Task details: Every record below needs to be set down exactly. Pictures do not belong in the copy.

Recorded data
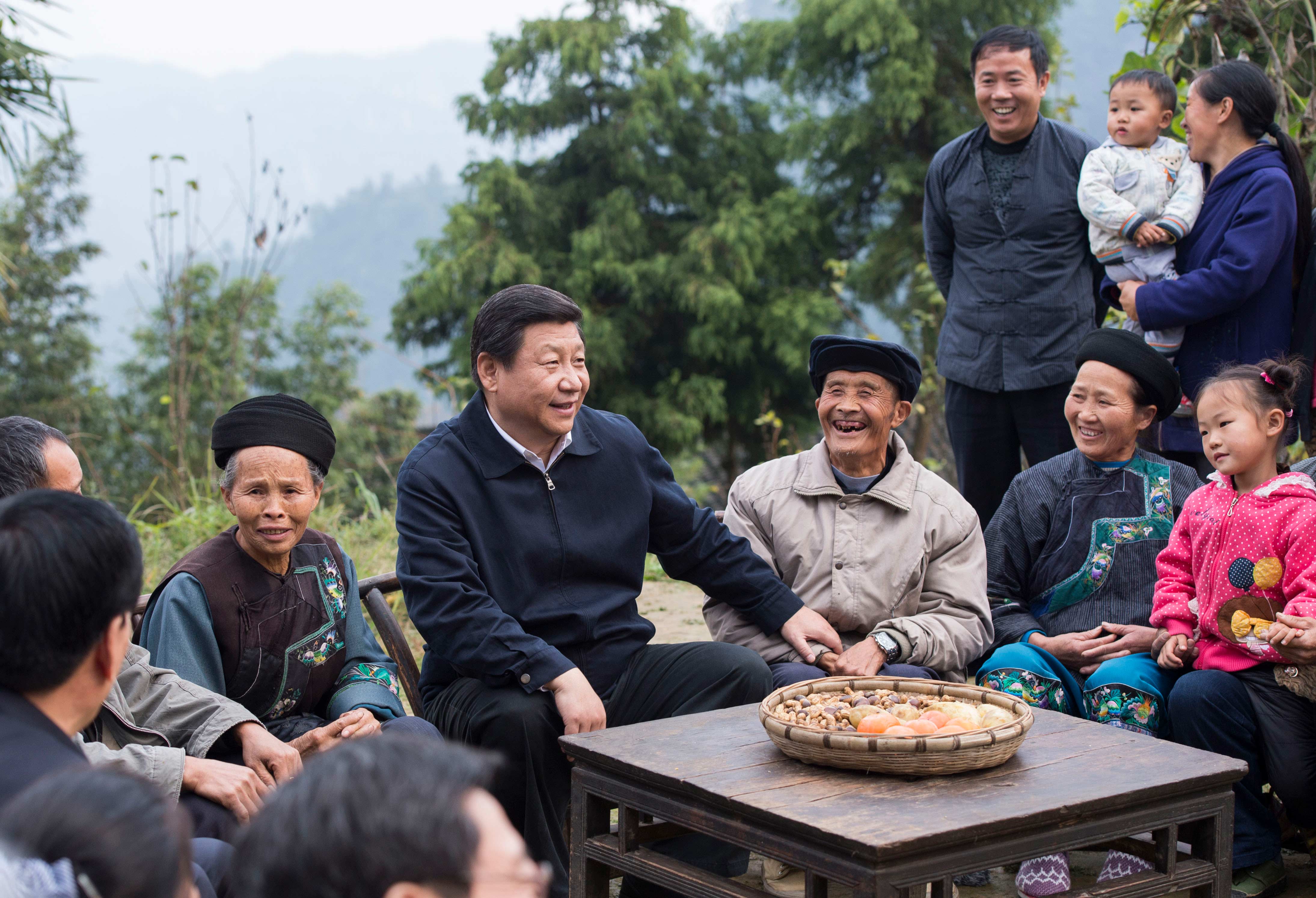2013年11月3日,習(xí)近平總書記在湘西土家族苗族自治州花垣縣排碧鄉(xiāng)十八洞村同村干部和村民座談。
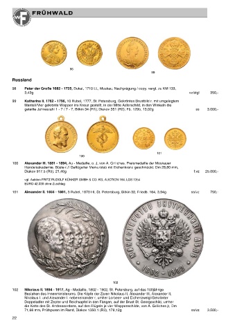 100 Alexander III. 1881 - 1894, Au - Medaille, o. J, von A. Griliches. Preismedaille der Moskauer
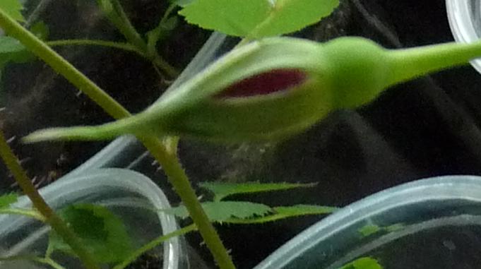 Da kann man rechts einen Sämling sehen mit heller Knospe, bis jetzt sehr ähnlich wie Primero, Mutter auch Mme Bérard, aber Vater Florence Delattre.Ganz links im Bild ist ein gakeliger Stiel mit roter Knospe erkennbar, der hier noch mal von nahem, hab's leider nicht schärfer hingekriegt.
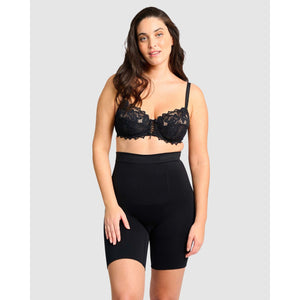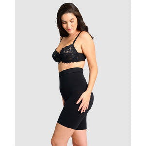 Firm thigh control meets tummy and waist-smoothing shapewear in this comfortable slimming short, which is double-layered at the thigh for maximum shaping. A double silicone strip ensures the high waistband won't roll over or slip down, for a flawlessly smooth look under your clothing.
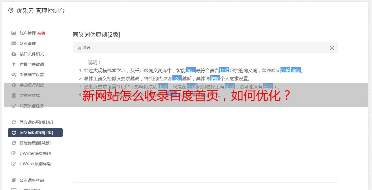 优采云 发布时间: 2022-05-07 13:51新网站怎么收录百度首页,如何优化?
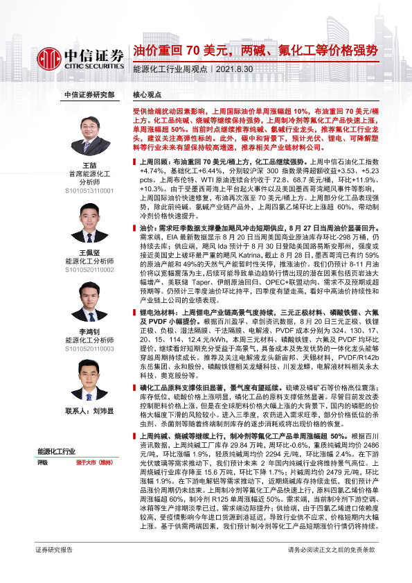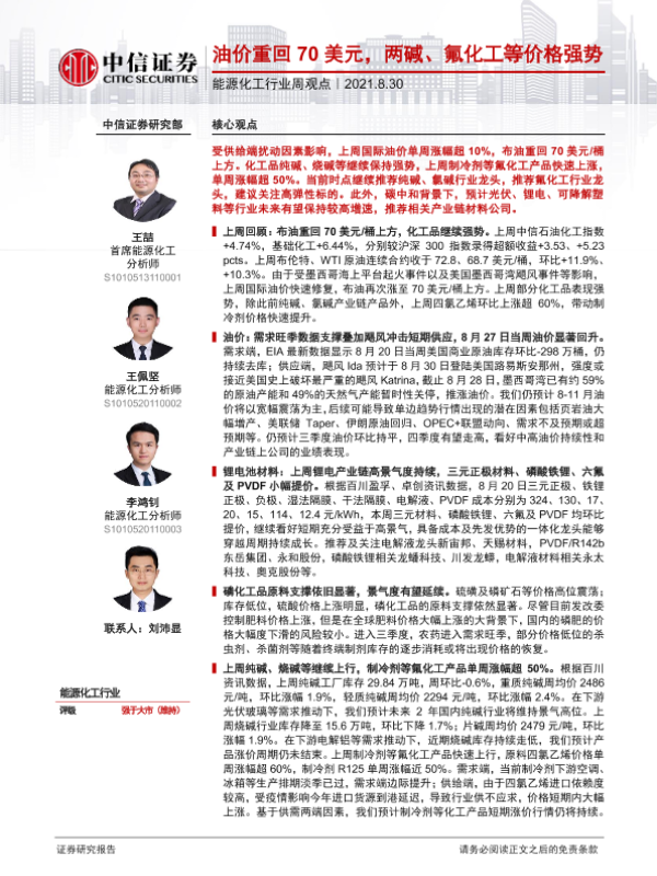 【中信证券】【20210830】能源化工行业周观点:油价重回70美元,两碱、氟化工等价格强势-16页
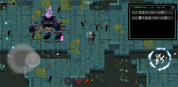 4.在游戏中遇到散发红光的系统错误数据”时,触发开发者模式,可选择攻击力+999(30秒)”最大生命+999(30秒)”等短时增益指令,增强战斗能力。
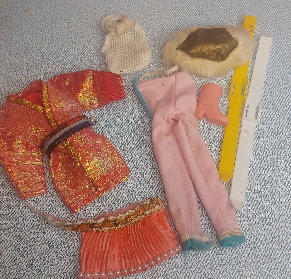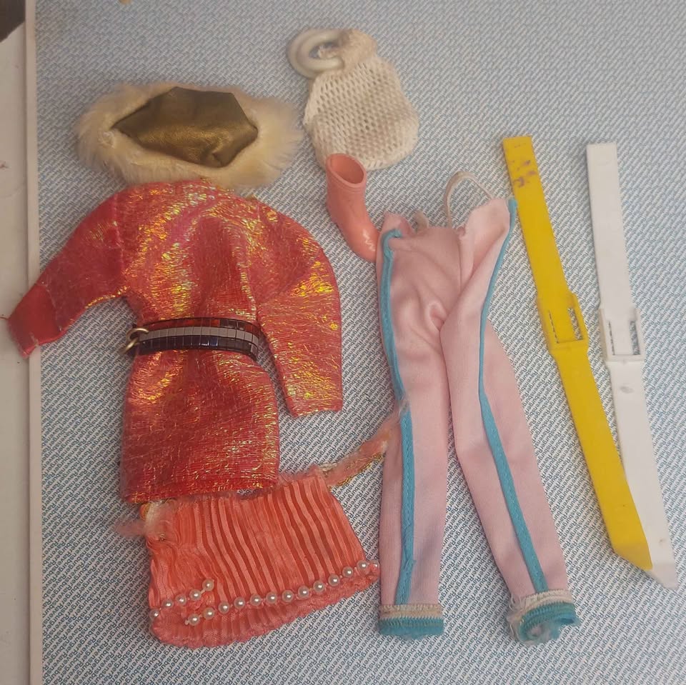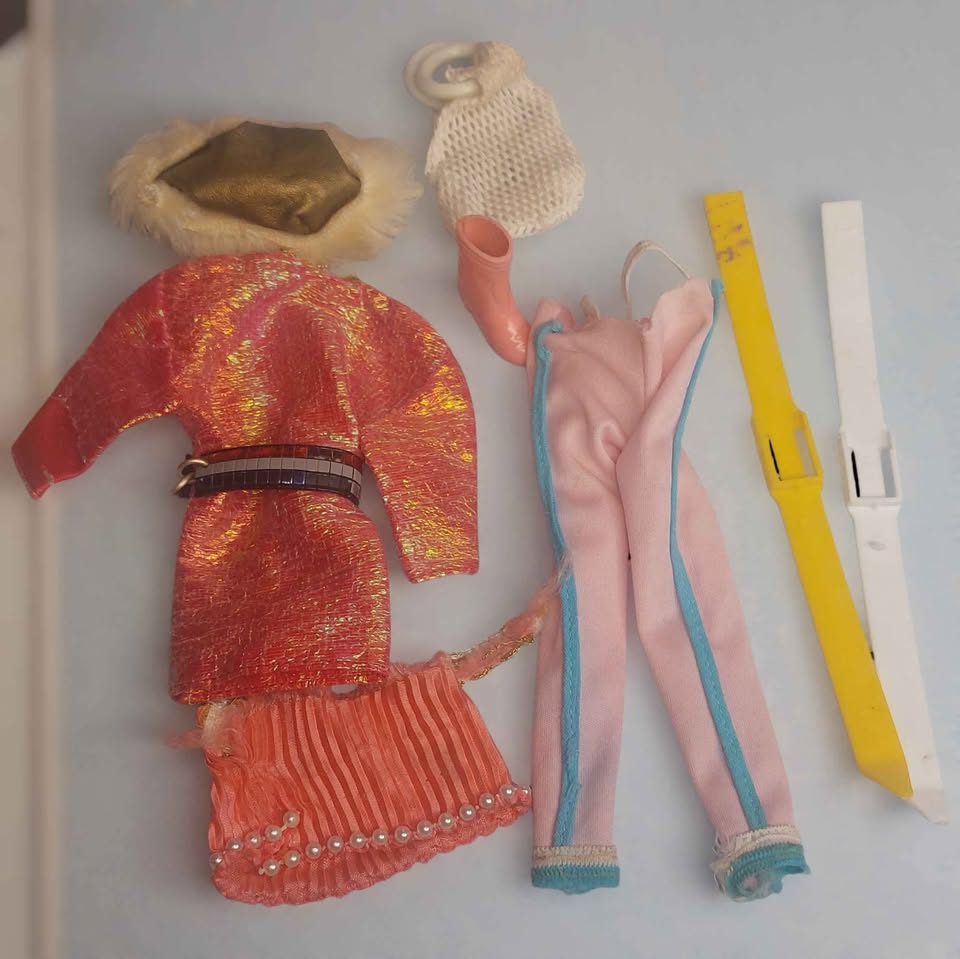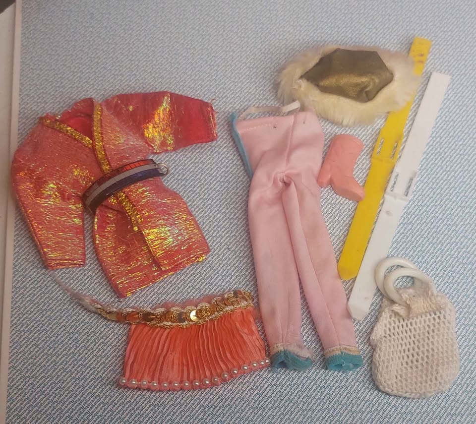 Aυθεντικά ρούχα και αξεσουάρ της κούκλας Bibibo από τη δεκαετία του ’80. Το σετ περιλαμβάνει διάφορα κομμάτια σε καλή έως μέτρια κατάσταση, ιδανικά για συλλέκτες ή για συμπλήρωση γκαρνταρόμπας. 👗 Περιλαμβάνονται: Ροζ ιριδίζον σακάκι με χρυσή λεπτομέρεια Ροζ παντελόνι με μπλε τελειώματα Φούστα με πορτοκαλί πλισέ ύφασμα, πούλιες και περλίτσες Ροζ μπότα (1 τεμ.) Λευκή διχτυωτή τσάντα Καπέλο με γούνα (σε χρυσό-λευκό) 2 αξεσουάρ για σκι (λευκο & κίτρινο)
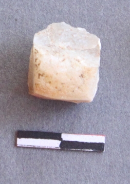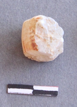 | Description / विवरण | It is a quartz fragment, with a striking platform, cortex on one end; there are many flake scars with ripples on it. |
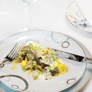 Trim the beef tenderloin of any membranes and slice it thinly, about 3–5 mm thick.
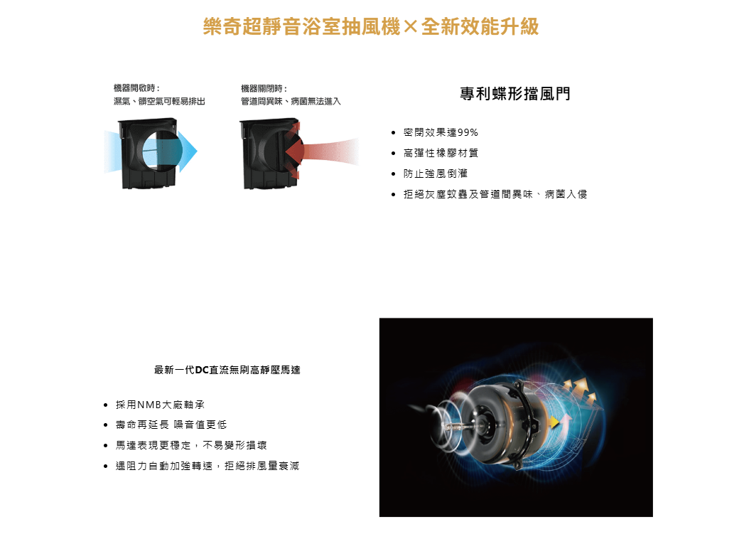 🔸專利橡膠蝴蝶翼擋風門設計 最安靜
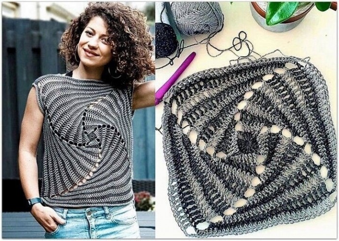 ​Завораживающая безрукавка Завораживающая безрукавкаУзор словно погружает в бесконечность.
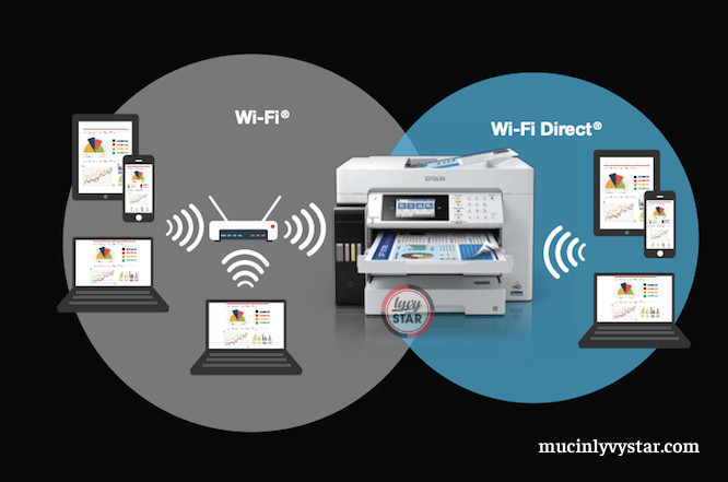Máy in phun màu Epson L15180 được tích hợp khả năng kết nối không dây qua WiFi và kết nối mạng Lan nội bộ phô biến hiện nay.
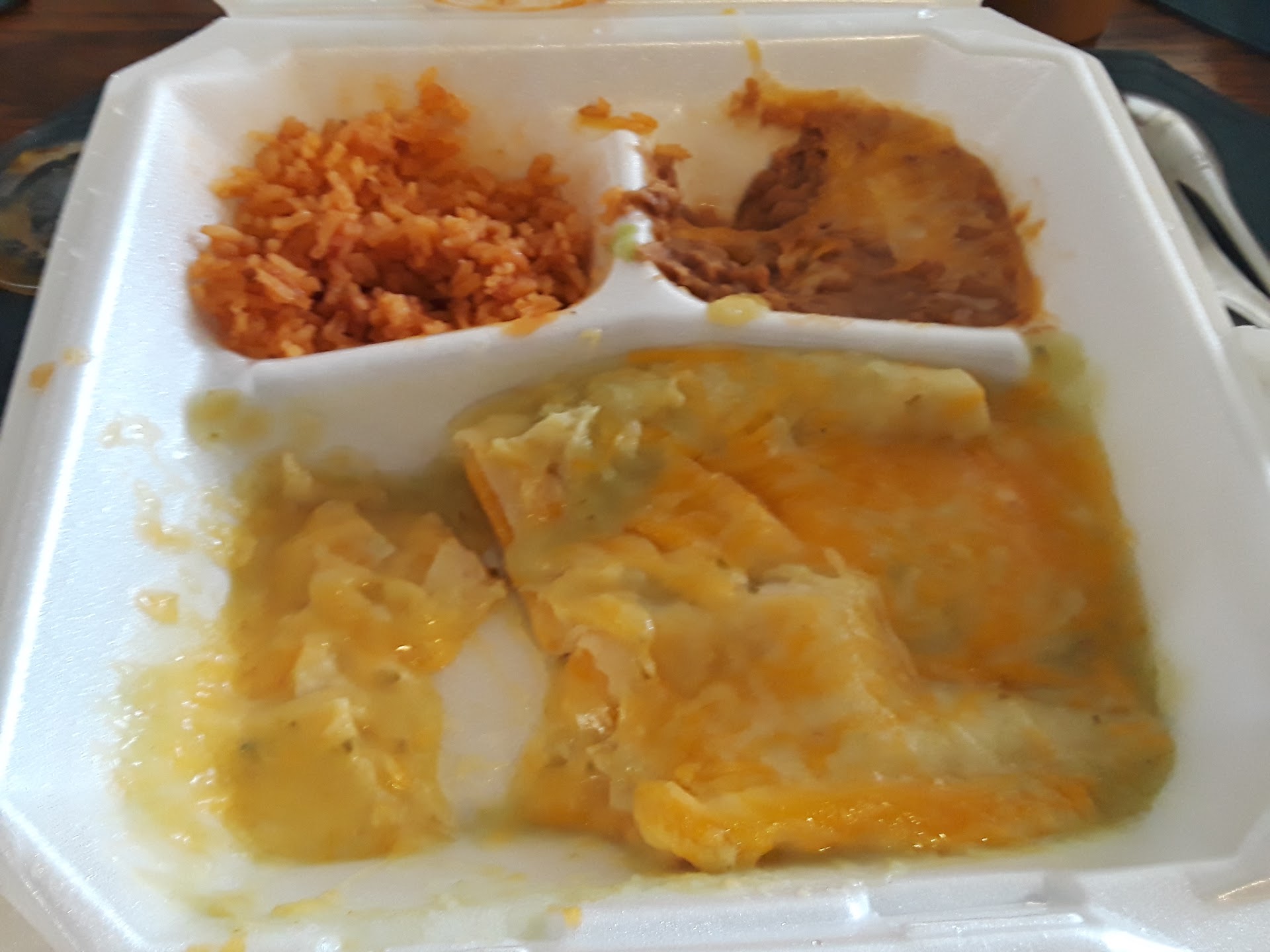 Read moreWORST MEXICAN FOOD I HAVE EVER BOUGHT! I am only giving 2 stars instead of 1 because the chicken enchiladas were ok. My 6 year old & I went into this place for the first time yesterday. My daughter got a chicken taco with fry's & a churro. I got the chicken enchilada meal with rice/beans and chips on the side. 1st of all these taco shells are JUST like the ones you buy from the store. 2nd my daughters taco was soggy by the time we got home (7-10 min drive) and fell completely apart. My daughter refused to eat it and I couldn't blame her. My bean/rice were hard and I was unable to eat them. The chips were the only thing I like but the salsa was not good. They forgot my daughters drink & she didn't even eat the churros which she usually loves. Sadly the french fry's were the only half decent thing. I was very upset after spending $20.00 on a dinner that was inedible. Needless to say we will NOT being...

Result:
2013年11月3日,習(xí)近平總書記在湘西土家族苗族自治州花垣縣排碧鄉(xiāng)十八洞村同村干部和村民座談。
 100 Alexander III. 1881 - 1894, Au - Medaille, o. J, von A. Griliches. Preismedaille der Moskauer
 Da kann man rechts einen Sämling sehen mit heller Knospe, bis jetzt sehr ähnlich wie Primero, Mutter auch Mme Bérard, aber Vater Florence Delattre.Ganz links im Bild ist ein gakeliger Stiel mit roter Knospe erkennbar, der hier noch mal von nahem, hab's leider nicht schärfer hingekriegt.
 Firm thigh control meets tummy and waist-smoothing shapewear in this comfortable slimming short, which is double-layered at the thigh for maximum shaping. A double silicone strip ensures the high waistband won't roll over or slip down, for a flawlessly smooth look under your clothing.
 优采云 发布时间: 2022-05-07 13:51新网站怎么收录百度首页,如何优化?
 【中信证券】【20210830】能源化工行业周观点:油价重回70美元,两碱、氟化工等价格强势-16页
 4.在游戏中遇到散发红光的系统错误数据”时,触发开发者模式,可选择攻击力+999(30秒)”最大生命+999(30秒)”等短时增益指令,增强战斗能力。
 Aυθεντικά ρούχα και αξεσουάρ της κούκλας Bibibo από τη δεκαετία του ’80. Το σετ περιλαμβάνει διάφορα κομμάτια σε καλή έως μέτρια κατάσταση, ιδανικά για συλλέκτες ή για συμπλήρωση γκαρνταρόμπας. 👗 Περιλαμβάνονται: Ροζ ιριδίζον σακάκι με χρυσή λεπτομέρεια Ροζ παντελόνι με μπλε τελειώματα Φούστα με πορτοκαλί πλισέ ύφασμα, πούλιες και περλίτσες Ροζ μπότα (1 τεμ.) Λευκή διχτυωτή τσάντα Καπέλο με γούνα (σε χρυσό-λευκό) 2 αξεσουάρ για σκι (λευκο & κίτρινο)
 | Description / विवरण | It is a quartz fragment, with a striking platform, cortex on one end; there are many flake scars with ripples on it. |
 Trim the beef tenderloin of any membranes and slice it thinly, about 3–5 mm thick.
 🔸專利橡膠蝴蝶翼擋風門設計 最安靜
 ​Завораживающая безрукавка Завораживающая безрукавкаУзор словно погружает в бесконечность.
Máy in phun màu Epson L15180 được tích hợp khả năng kết nối không dây qua WiFi và kết nối mạng Lan nội bộ phô biến hiện nay.
 Read moreWORST MEXICAN FOOD I HAVE EVER BOUGHT! I am only giving 2 stars instead of 1 because the chicken enchiladas were ok. My 6 year old & I went into this place for the first time yesterday. My daughter got a chicken taco with fry's & a churro. I got the chicken enchilada meal with rice/beans and chips on the side. 1st of all these taco shells are JUST like the ones you buy from the store. 2nd my daughters taco was soggy by the time we got home (7-10 min drive) and fell completely apart. My daughter refused to eat it and I couldn't blame her. My bean/rice were hard and I was unable to eat them. The chips were the only thing I like but the salsa was not good. They forgot my daughters drink & she didn't even eat the churros which she usually loves. Sadly the french fry's were the only half decent thing. I was very upset after spending $20.00 on a dinner that was inedible. Needless to say we will NOT being...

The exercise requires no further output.